- WHAT THE TASK REQUIRES:
If pictures appear in the lines below, skip them and copy exactly the lines from the one containing "In de grootste" through the one containing "天然木は時が経つにつれ、味わ", and nothing else.
Segment Start: MATERIAL SUPPLIED
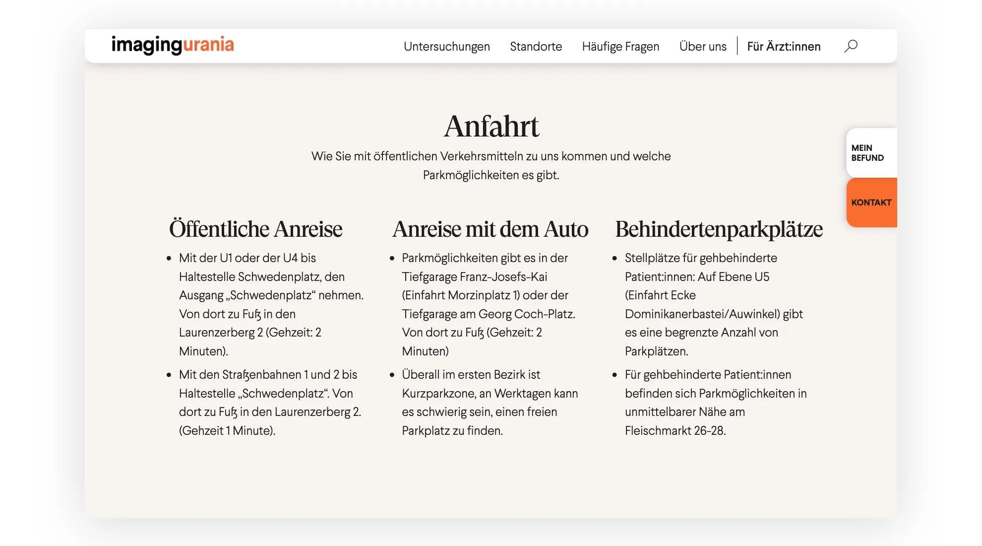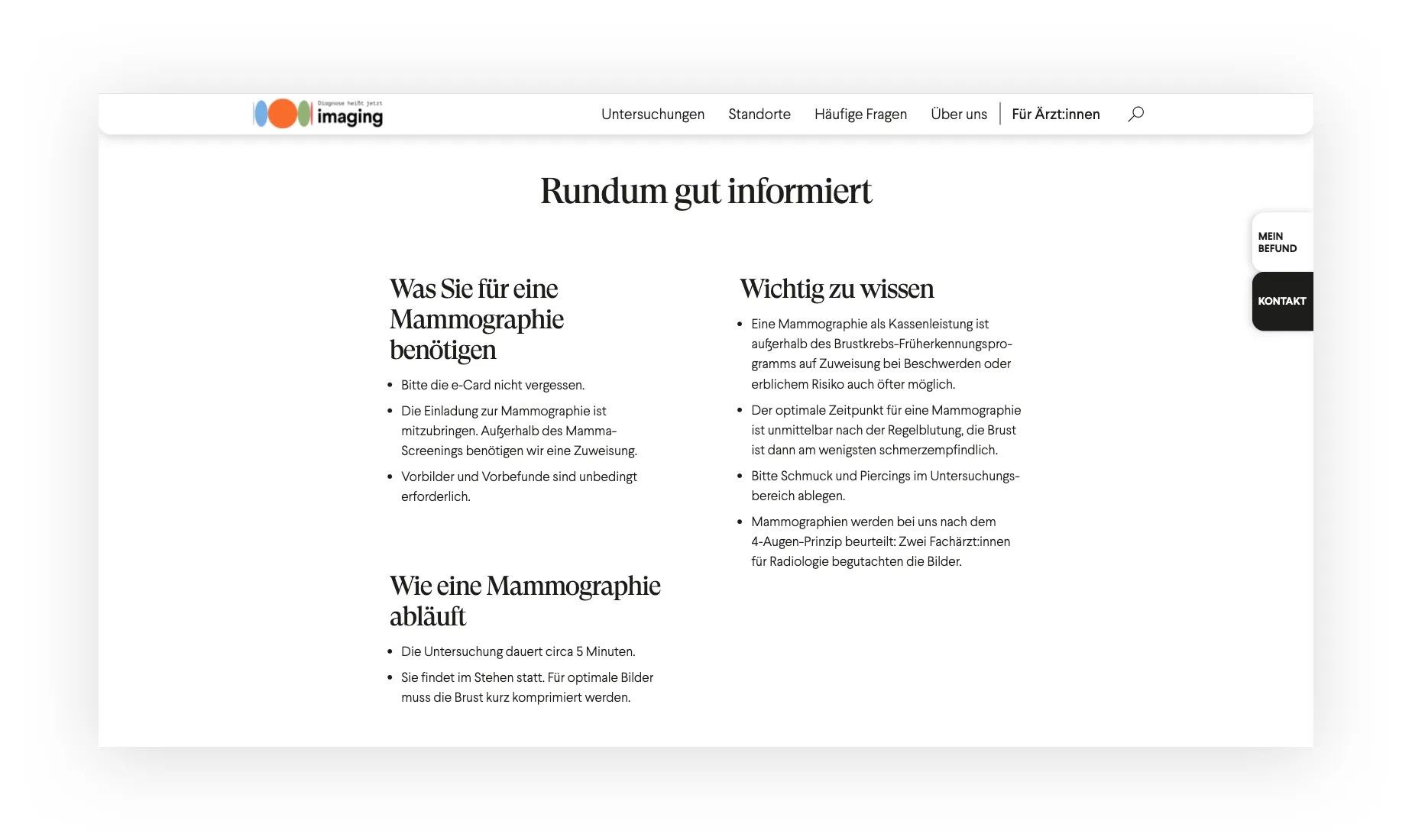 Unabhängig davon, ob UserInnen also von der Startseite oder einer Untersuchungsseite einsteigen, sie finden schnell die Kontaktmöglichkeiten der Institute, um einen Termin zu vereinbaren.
Segment End: MATERIAL SUPPLIED
Segment Start: MATERIAL SUPPLIED
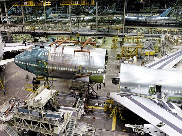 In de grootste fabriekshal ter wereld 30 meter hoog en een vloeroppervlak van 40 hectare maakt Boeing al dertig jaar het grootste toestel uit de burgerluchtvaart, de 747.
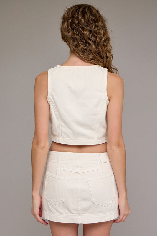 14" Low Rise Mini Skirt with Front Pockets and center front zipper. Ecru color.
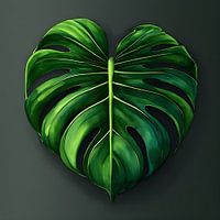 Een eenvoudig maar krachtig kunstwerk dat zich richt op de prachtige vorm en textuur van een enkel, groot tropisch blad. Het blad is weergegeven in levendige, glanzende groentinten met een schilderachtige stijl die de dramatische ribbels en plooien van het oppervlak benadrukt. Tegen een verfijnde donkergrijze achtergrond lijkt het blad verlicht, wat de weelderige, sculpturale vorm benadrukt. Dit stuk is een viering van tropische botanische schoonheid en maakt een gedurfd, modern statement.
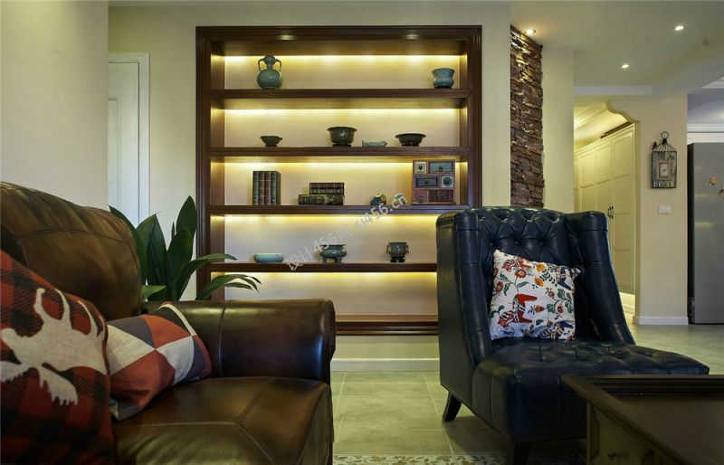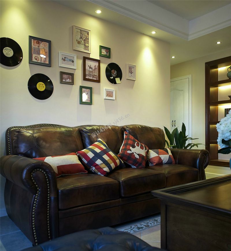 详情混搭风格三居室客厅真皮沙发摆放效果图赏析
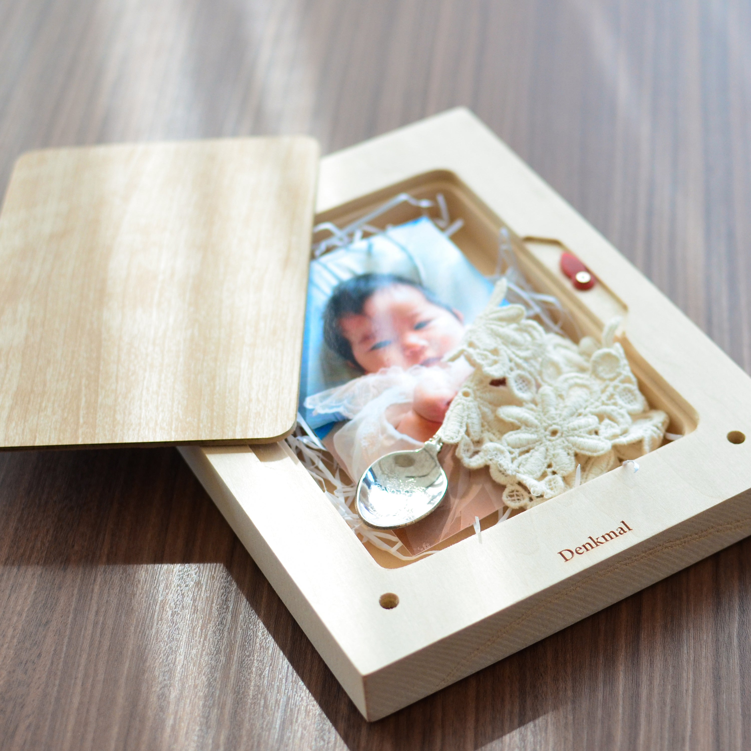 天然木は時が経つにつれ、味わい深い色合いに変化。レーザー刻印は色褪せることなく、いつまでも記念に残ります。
Segment End: MATERIAL SUPPLIED
Segment Start: MATERIAL SUPPLIED
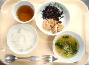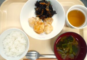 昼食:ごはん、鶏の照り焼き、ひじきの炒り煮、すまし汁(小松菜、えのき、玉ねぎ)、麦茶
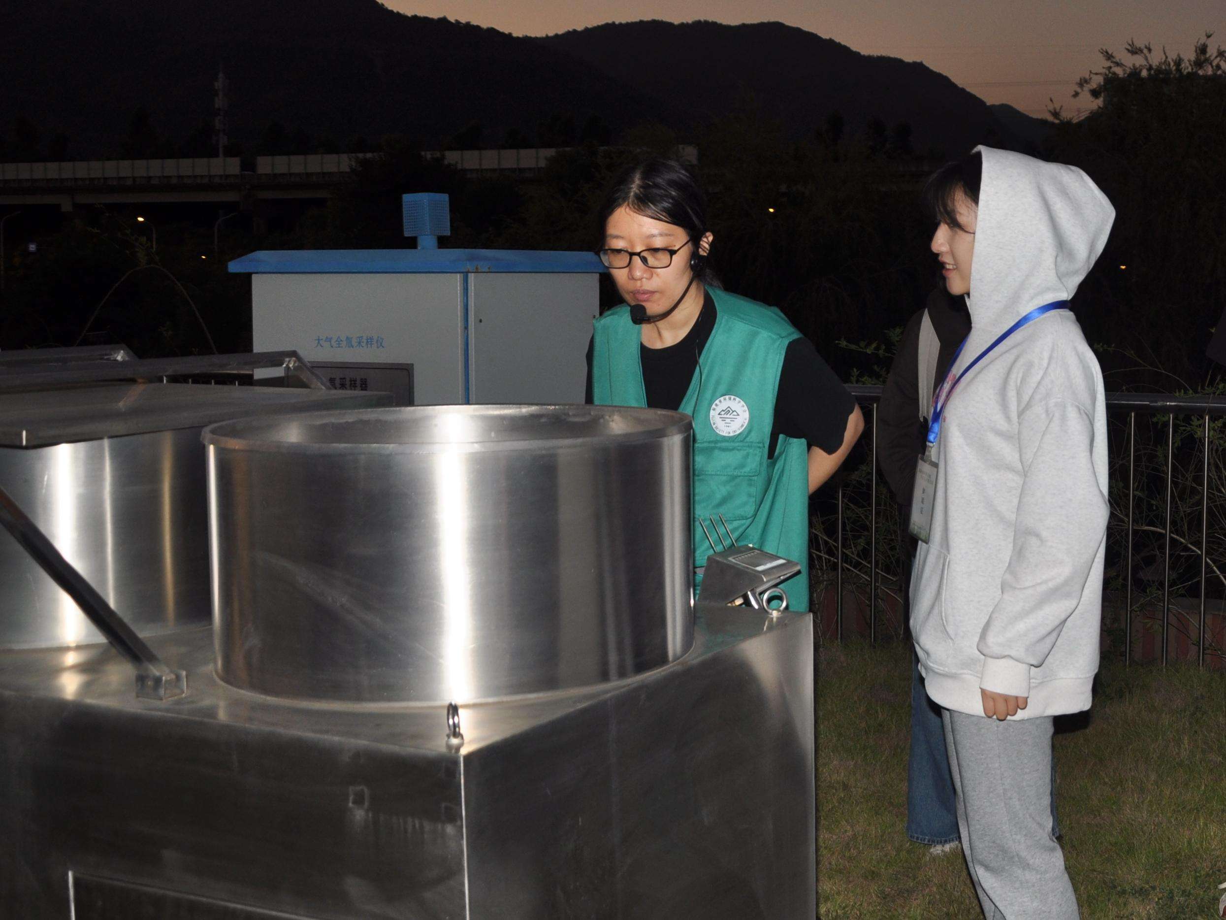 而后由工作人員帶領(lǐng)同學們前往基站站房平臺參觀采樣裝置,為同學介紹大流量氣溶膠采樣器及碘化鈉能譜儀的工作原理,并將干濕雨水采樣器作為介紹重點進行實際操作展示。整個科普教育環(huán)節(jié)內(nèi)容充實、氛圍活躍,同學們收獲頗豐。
Segment End: MATERIAL SUPPLIED
- WRITTEN RESPONSE:
 In de grootste fabriekshal ter wereld 30 meter hoog en een vloeroppervlak van 40 hectare maakt Boeing al dertig jaar het grootste toestel uit de burgerluchtvaart, de 747.
 14" Low Rise Mini Skirt with Front Pockets and center front zipper. Ecru color.
 Een eenvoudig maar krachtig kunstwerk dat zich richt op de prachtige vorm en textuur van een enkel, groot tropisch blad. Het blad is weergegeven in levendige, glanzende groentinten met een schilderachtige stijl die de dramatische ribbels en plooien van het oppervlak benadrukt. Tegen een verfijnde donkergrijze achtergrond lijkt het blad verlicht, wat de weelderige, sculpturale vorm benadrukt. Dit stuk is een viering van tropische botanische schoonheid en maakt een gedurfd, modern statement.
 详情混搭风格三居室客厅真皮沙发摆放效果图赏析
 天然木は時が経つにつれ、味わい深い色合いに変化。レーザー刻印は色褪せることなく、いつまでも記念に残ります。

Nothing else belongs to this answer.